We only allow our cloud consumers to view their accounts from the console. We're pretty strict about enforcing the use of infrastructure as code through Terraform modules and integration we built into Meta's main CI/CD system. Terraform code allows the same peer review processes as all other code going into our mono repository. We're making progress towards real continuous deployment of Terraform code, and several of our large scale systems call Terraform apply every two hours.

We use service gating on production accounts to ensure we've got internal support for new or complex AWS services before letting our customers go wild. When teams just need to experiment, we offer short-lived sandbox accounts which we automatically isolate at the two week mark. We also offer Meta Instance, which is a nicely prepackaged AMI that carries all the software necessary to connect back into Meta services, providing things like identity, logging, metrics, and service registration right out of the box for free.

Robust encryption controls are a key factor in building our confidence in moving workloads to the cloud. I won't go into too much detail here, but it's important to know that these exist within our infrastructure and are critical in enabling rapid build-out of our cloud capacity. Our internal public key infrastructure includes multiple root CAs and a cloud specific CA so we can track where certificates are used and prevent them from passing between infrastructure boundaries.

We use EC2 instance attestation to generate X.509 machine certificates that allow us to trust the hardware and operating system environments.

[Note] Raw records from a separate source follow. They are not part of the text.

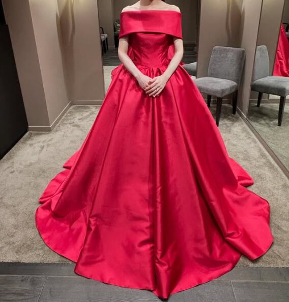 美品!レッド/赤 カラードレス Aラインドレス ショッキングピンク 二次会ドレス ロールカラー ロングトレーン パーティードレス【色変更可能】
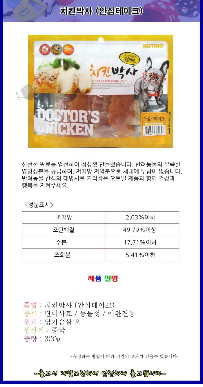 반려견간식 안심테이크 300g 간식류 애견맛있는간식
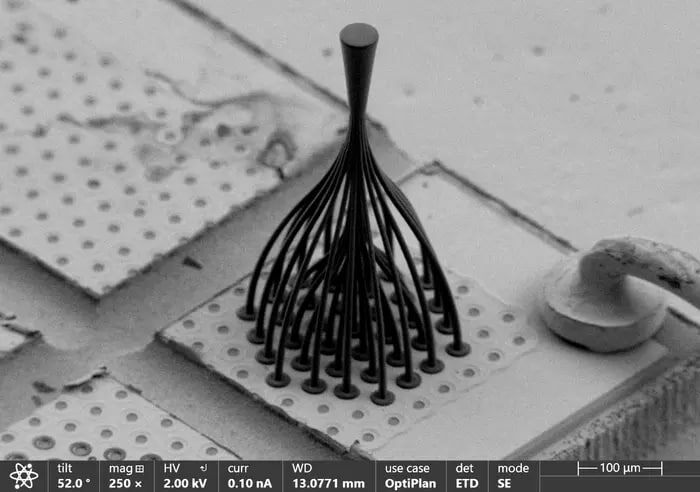 Израильские учёные нашли элегантный выход. Они напечатали на 3D-принтере микроскопический оптический переходник — фотонный фонарь. Он собирает излучение от массива полупроводниковых лазеров и плавно «вливает» его в одно стандартное оптоволокно. Без потери яркости.
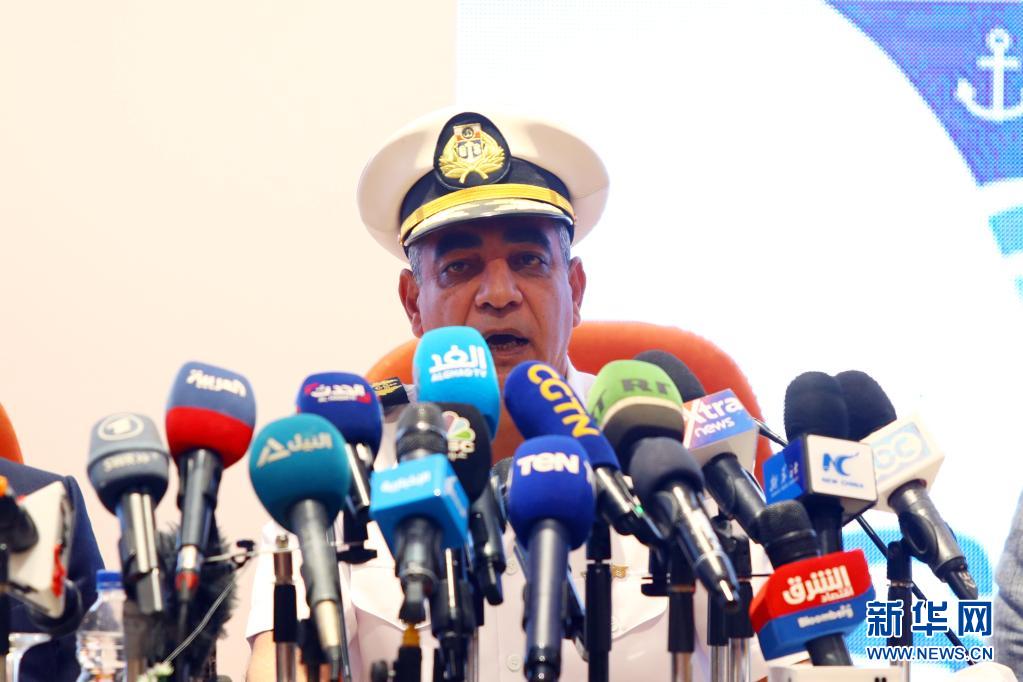 5月30日,在埃及東北部城市伊斯梅利亞,蘇伊士運(yùn)河管理局調(diào)查組負(fù)責(zé)人賽義德·舒愛沙在“長賜”號貨輪擱淺事故調(diào)查結(jié)果新聞發(fā)布會上講話。
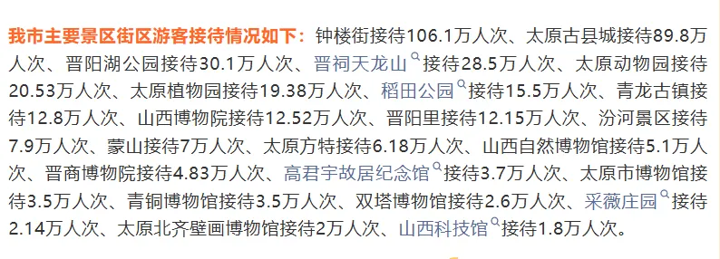 ←点击图片查看详情。市文旅局24日发布消息,春节长假期间,我市主要景区、博物馆、公园、旅游休闲街区、夜间文化和旅游消费集聚区接待市民游客681.7万人次,同比增长35%,门票(营业)收入11535.4万元,同比增长24.7%。来源:太原晚报
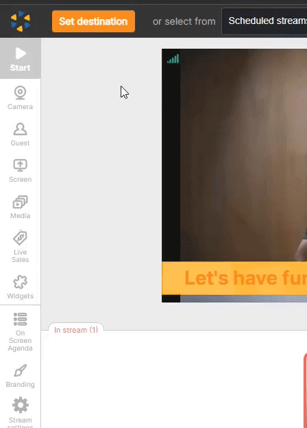 Move yourself to the broadcast by clicking the Show in Stream toggle

By regularly regenerating these certificates, we can tell if anything changed on the hardware or firmware. We secure all connections with mutual TLS, ensuring both ends of the connection are verified and helping to mitigate man in the middle attacks. Our Direct Connect links are encrypted using MACsec at layer two.

Case Study: Building Secure AI Clusters on AWS with GPU, Storage, and Network Firewall Architecture

With the building blocks covered, let's dive into our case study of building a secure AI cluster on AWS. There are several unique challenges with AI clusters due to the GPU scarcity and the large volumes of data transfer needed to run some of these mega-scale clusters. We also don't need the same level of resiliency and availability that come from serving online production traffic. It's a bit of an all or nothing situation here. Is there any point in having a data store available when the GPUs that are paired with it have gone offline? I don't think so.

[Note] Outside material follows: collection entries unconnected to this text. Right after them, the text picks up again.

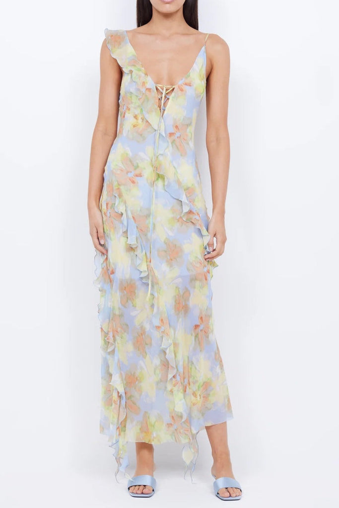 cecilia Chiffon ruffles maxi dress in blue
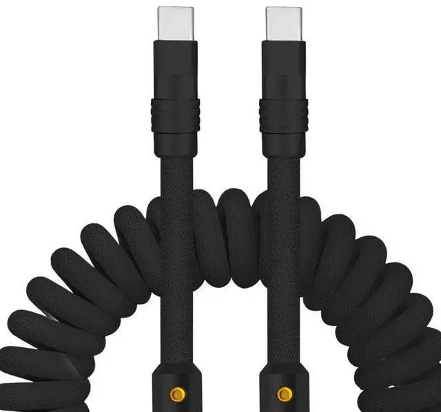 chubbycable Curly Chubby - 240W Coiled USB C Cable Spring Retractable Fast Charging Cable for Car Compatible with CarPlay, Android Auto, Black, Type-C to Type-C, 2.29FT-3.6FT
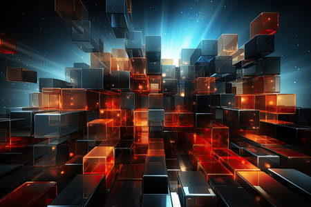 3d rendering of abstract technology background with glowing cubes. High tech concept
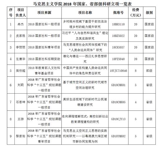 在即将过去2018年各类科研项目申报工作中,学院充分发动,精心组织,及时通知,认真落实,顺利完成了2018年科研申报任务指标。据统计,至2018年11月底,学院教师申报的省部级以上科研项目立项9项,经费逾百万,分别是国家社科基金项目4项,教育部人文社科基金1项,2018年省哲学社会科学“十三五”规划课题4项,其中省哲学社会科学“十三五”规划课题占全校当年同类立项的23%以上,是立项最多的学院。
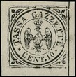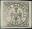 1859 - Newspaper Postage Due 10c black, two copies, one with horizontal guideline, the other with vertical guideline of separation (not issued); mint with gum. 1 Cert. Raybaudi (Sassone 5, 5I - Euro 4,000)
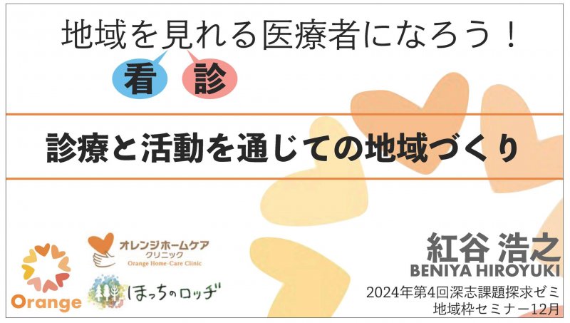 12月7日(土)に開催の地域枠セミナー12月・2024年深志課題探究ゼミ④では、オレンジホームケアクリニック・ほっちのロッヂの代表の紅谷浩之先生を講師にお迎えして「診療と活動を通じての地域づくり」と題してお話しいただきました。
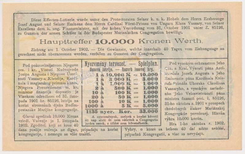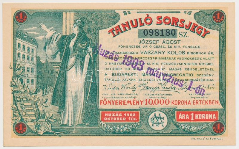 Beschreibung: 1903. "Tanuló Sorsjegy" 1K értékben, felülbélyegzéssel T:I- kis szennyeződés

We don't really get to dictate which availability zone the GPUs are delivered in due to physical space and power constraints. So we've set up our infrastructure for rapid deployment of AI clusters and we don't allow AI training jobs to span multiple clusters. Researchers also have unique needs. They often work via an interactive session on the same host as the physical hardware. They often schedule packs of Slurm jobs across large blocks of GPU capacity.

They collaborate directly with other researchers and frequently exchange code via GitHub. They may need to pull in datasets from the public internet, and in short, they need easy access to the internet while safeguarding against leaking weights and biases or finished models. Now I'll go into more detail about how we build out this secure infrastructure.

We'll start this picture with the Meta production data centers. Reduced to two here for simplicity, and because my slide just isn't quite big enough. You'll hear more about that theme quite a bit as we go into the details here. These are quite monumental by themselves. You can consider these analogous to AWS regions with multiple physical data centers within those two purple boxes. We terminate our own fiber in the data centers and there's no co-location facilities in this left side of the diagram.

Then we have our shiny new GPU hosts delivered by Amazon as reserved instances in a particular availability zone. The location of the GPUs and accompanying storage hosts dictates which availability zone we build out the rest of the infrastructure. When the hosts land, our automated tooling sets up the EKS HPC cluster control plane and validates the GPU pods and login pods used by the AI researchers.

The GPU hosts are not directly on the internet. Rather, we pair this VPC with a management VPC. This hosts internet connectivity bits like routers, firewalls, Route 53 private hosted zone, bastions, and proxies, allowing access to other parts of the infrastructure and management services for the GPU cluster. You might have seen this architecture at our previous re:Inforce talks, with a new bit today which is the storage VPC.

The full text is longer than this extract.